- GOAL OF THE EXERCISE:
Exactly and only the lines from the first entry through the line with "作为城阳区两家主导产业链链主" should be copied, both ends included, with no pictures.

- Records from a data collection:

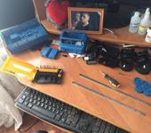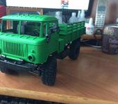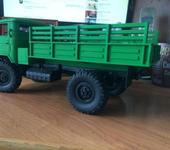 перекрасил модель из синей KIT модель ) как по мне получилось не плохо , всё разобрал , раму заматовал шкуркой что бы краска не слетала , раму , диски , бампер , фары , баки покрасил обычной чёрной краской из балона матовой , а кузов сначала покрыл автомобильным грунтом из балона а потом зеленой акриловой художественной краской ( водоэмульсионка ) , надеюсь отпадать не будет , пробовал намочить и оттереть тоже не выходит ) осталось купить оранжевую краску покрасить поворотники , и придумать стекла с тентом ) и как придёт вся аппаратура , модель будет готова )
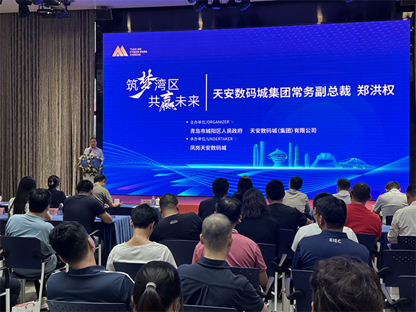 作为城阳区两家主导产业链链主企业的代表,物元半导体行政副总监于清源和鹏辉能源总裁办主任张天来先后进行了推介,介绍了自身企业的技术优势和应用场景,向大家解读了城阳区产业链的优势和机遇。青岛天安数码城集团对青岛天安科创城园区进行了园区推介,重点介绍了青岛天安科创城的优质区位、完善配套和入园企业。
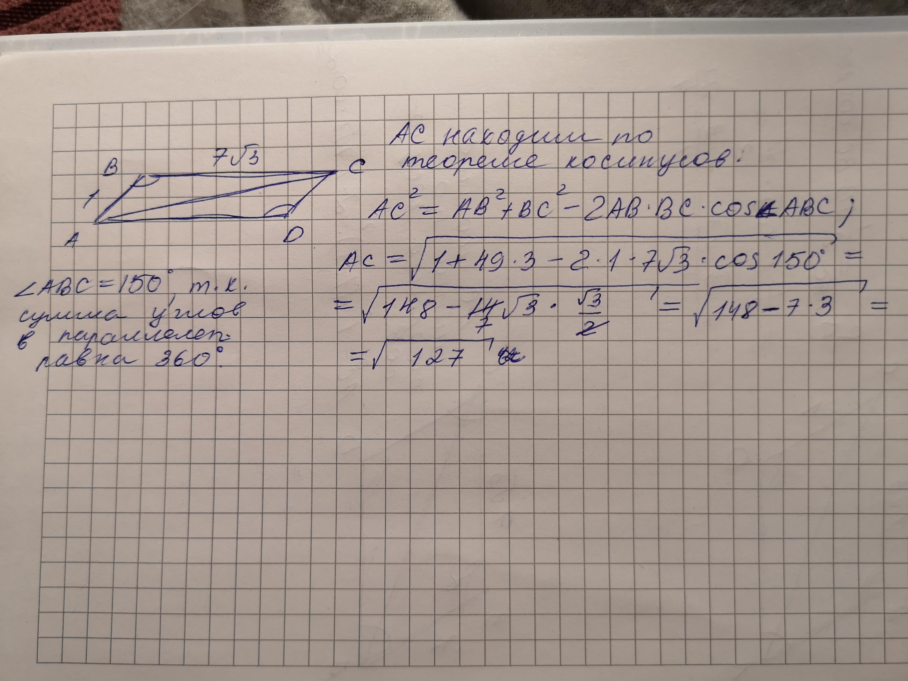 Стороны параллелограма равны( 7 умножить на корень из 3) см и 1см ,один из его углов равен 30 градусов.Найдите большую диагональ параллелограмма.
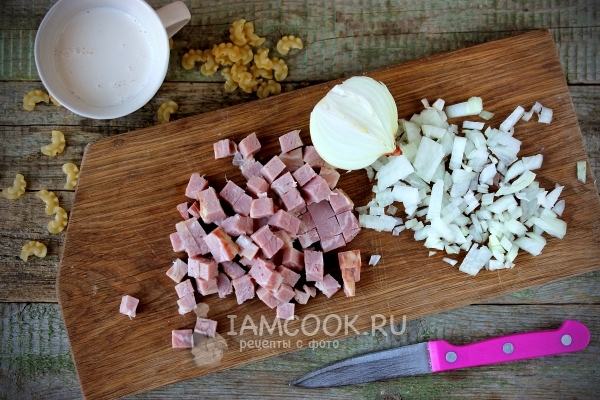 Приступим к приготовлению блюда с подготовки необходимых ингредиентов, а именно нам понадобится ветчина, лук, растительное масло, сливки, макароны, вода, соль, молотый перец, сливочное масло. Нарежьте лук и ветчину кубиками.
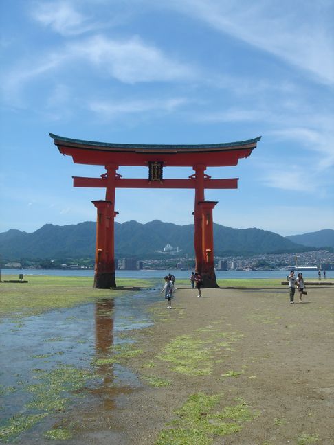 En raison de sa position en bord de mer, le sanctuaire semble flotter à marée haute. Le torii, quant à lui, n’est accessible depuis le rivage qu’à marée basse.
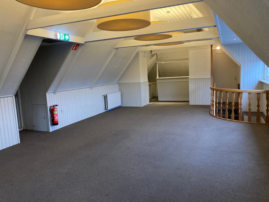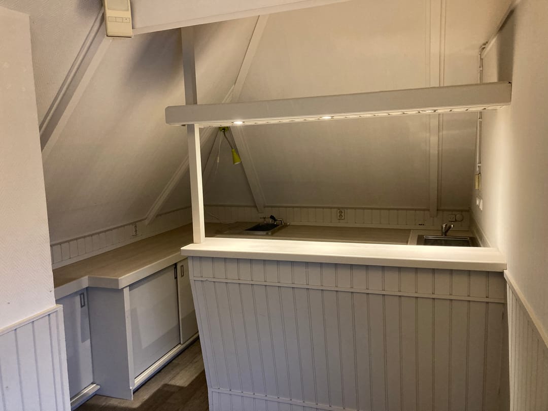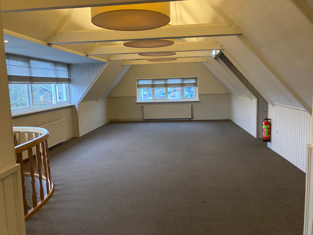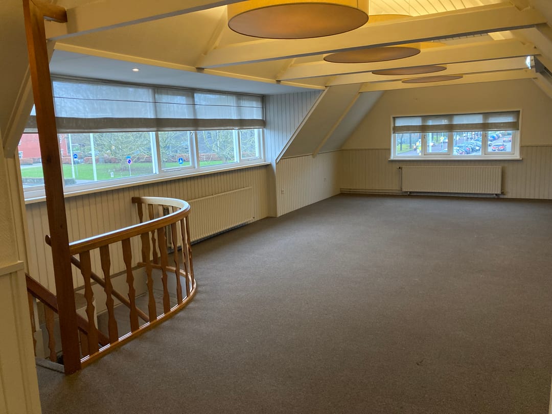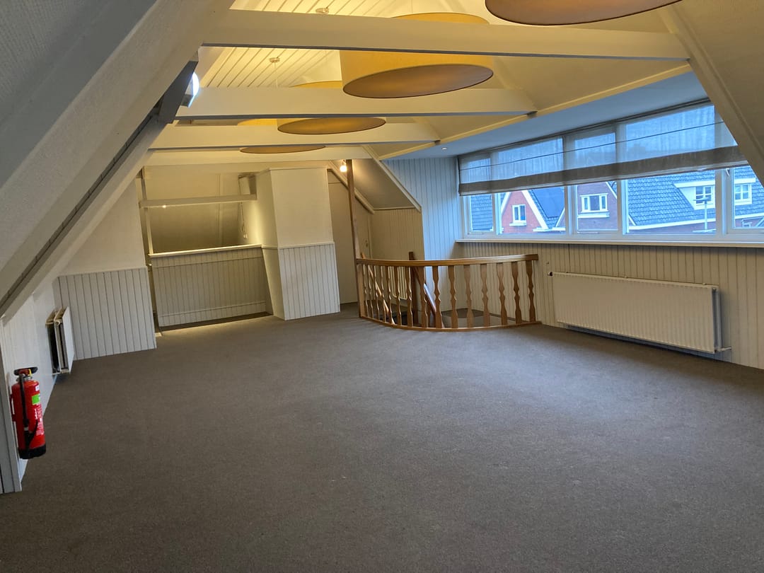 Indeling: zij-entree, hal, trap naar 1e verdieping waar één open kantoor-/praktijkruimte is met voldoende daglichttoetreding (o.a. een grote dakkapel), inloopkast en een open keuken. De toiletten zijn op de begane grond (gezamenlijk gebruik).
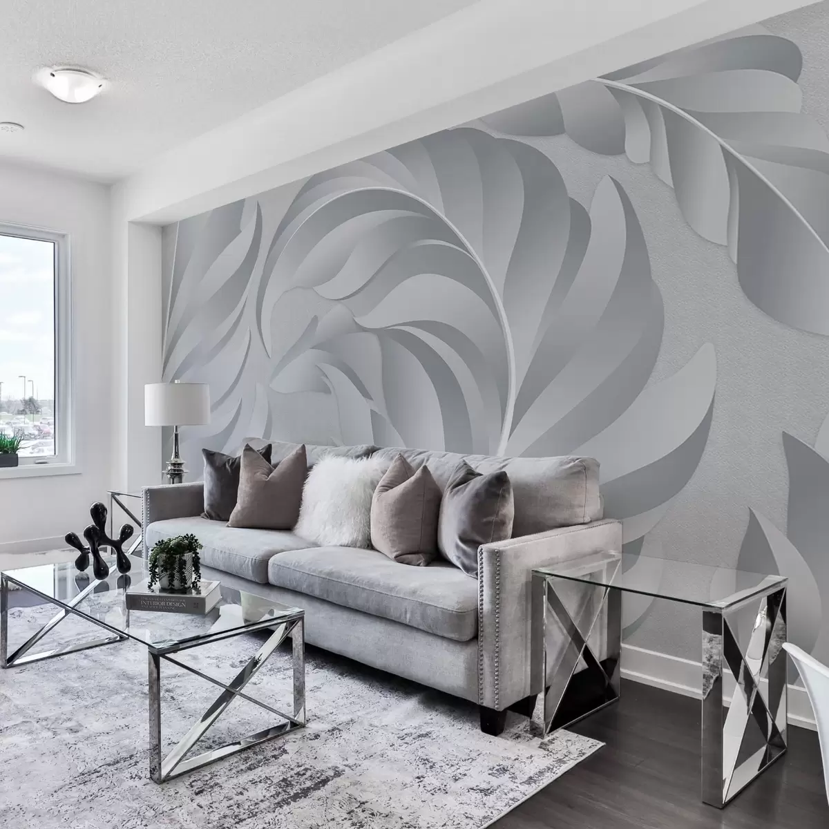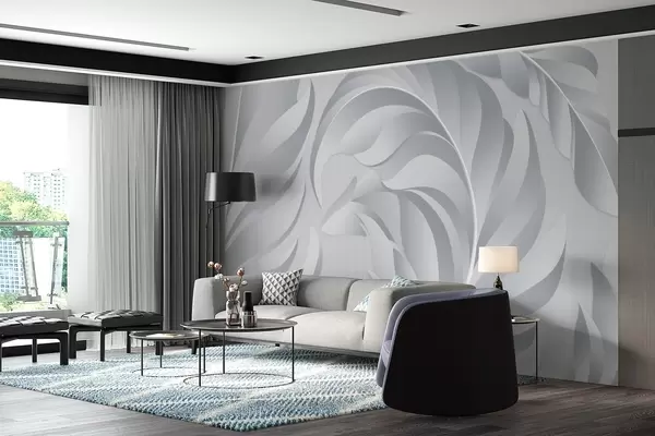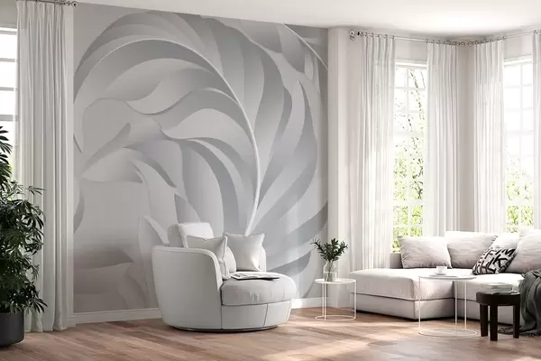 Papel tapiz Plumas grandes con textura en tonos grises. Nr. w05231v3
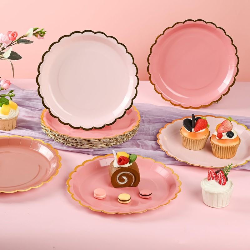 - Dusty Pink Paper Plates: Add a touch of elegance to your wedding, bridal shower, tea party, bachelorette party, or girl baby shower with these pink scalloped party plates
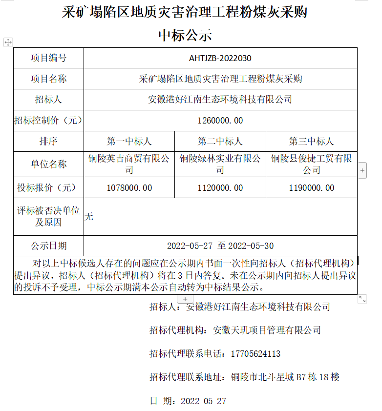 采矿塌陷区地质灾害治理工程粉煤灰采购中标公示
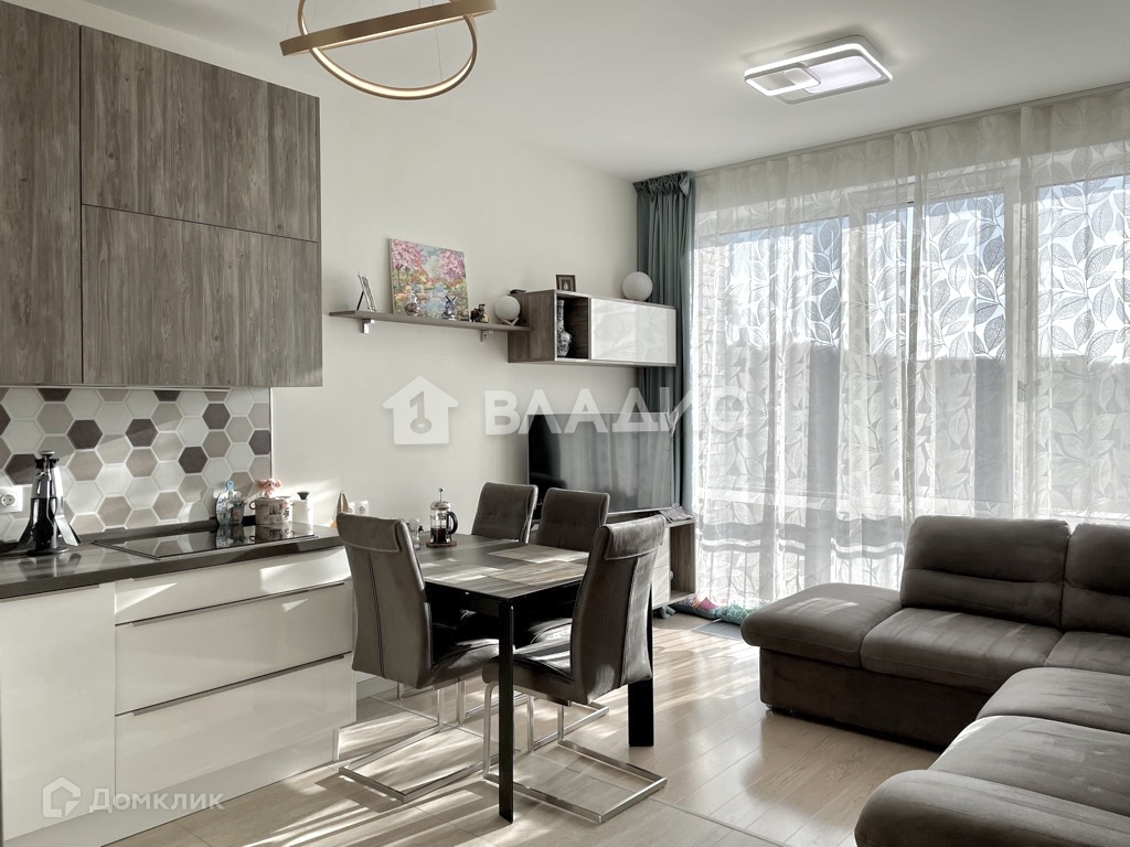 -просторная кухня-гостиная -18 м2, с панорамными окнами в пол,
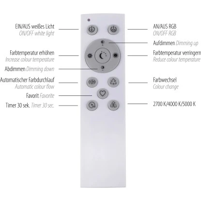 Das schlichte LED Deckenpaneel Gustav begeistert durch vielseitige Funktionen und ein schlichtes Design. Die Deckenleuchte kommt mit einer RGB-Backlight Funktion. Die Leuchte wird inklusive zwei LED-Boards sowie einer Infrarot Fernbedienung geliefert. Durch das weiße Kunststoffglas gibt die runde Leuchte ein angenehmes, blendfreies Licht ab. Bei dem Hauptlicht (Downlight) kann die Farbtemperatur von Warmweiß (2700 K) bis Tageslichtweiß (5000 K) ganz nach Ihren Belieben verstellt werden. Das Backlight können Sie durch den RGB Farbwechsel in einer bunten Farbe erstrahlen lassen. Darüber hinaus können Sie die Lichtintensität über die Dimmfunktion flexibel anpassen. Mittels der Memory Funktion können Sie Ihre Einstellungen für das nächste Einschalten speichern. Diese Steuerungen können Sie alle über die mitgelieferte Fernbedienung vornehmen. Die LED Deckenlampe verfügt zusätzlich über eine Timerfunktion, Nachlichtfunktion und einer Favoritentaste über die man seine Lieblingseinstellung speichern kann. Die Deckenleuchte hat eine Länge von 42,0 cm, eine Breite von 42 cm und eine Abhängung von lediglich 2,9 cm. Dank der verwendeten LED Technik ist das weiße Panel energiesparend und überzeugt mit einer geringen Wärmeentwicklung sowie hohen Lebensdauer.
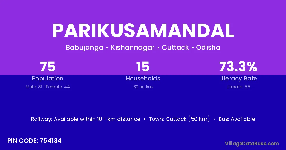 Cuttack (50 km) is the nearest town to Parikusamandal village for major economic activities and is located approximately 50 km away.
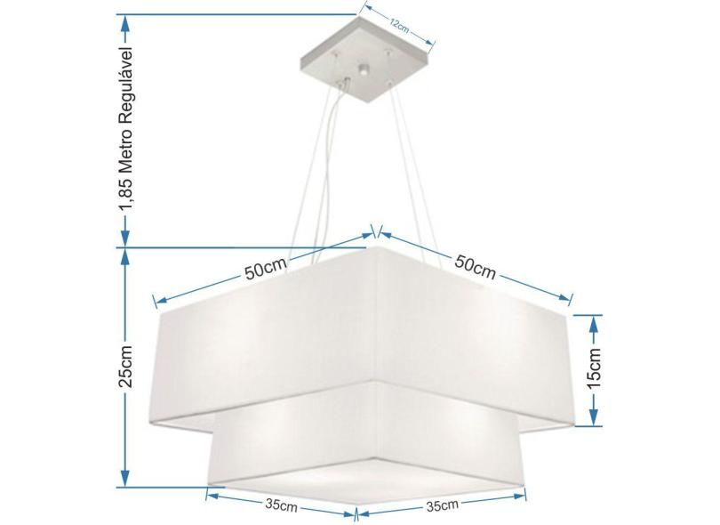 Lustre Pendente Duplo Quadrado Vivare Md-4066 Cúpula Em Tecido 50X35cm - Bivolt
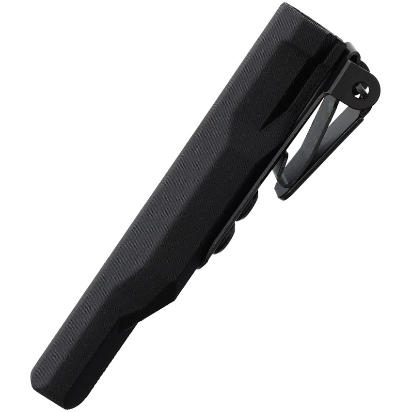 5.5" (13.97cm) overall. 3.38" (8.59cm) satin finish blade. Black aluminum handle. Lanyard hole. DC53 steel blade. Black 3-D printed sheath with UltiClip. Zippered storage case.

- REPLY TO THE TASK:
 перекрасил модель из синей KIT модель ) как по мне получилось не плохо , всё разобрал , раму заматовал шкуркой что бы краска не слетала , раму , диски , бампер , фары , баки покрасил обычной чёрной краской из балона матовой , а кузов сначала покрыл автомобильным грунтом из балона а потом зеленой акриловой художественной краской ( водоэмульсионка ) , надеюсь отпадать не будет , пробовал намочить и оттереть тоже не выходит ) осталось купить оранжевую краску покрасить поворотники , и придумать стекла с тентом ) и как придёт вся аппаратура , модель будет готова )
 作为城阳区两家主导产业链链主企业的代表,物元半导体行政副总监于清源和鹏辉能源总裁办主任张天来先后进行了推介,介绍了自身企业的技术优势和应用场景,向大家解读了城阳区产业链的优势和机遇。青岛天安数码城集团对青岛天安科创城园区进行了园区推介,重点介绍了青岛天安科创城的优质区位、完善配套和入园企业。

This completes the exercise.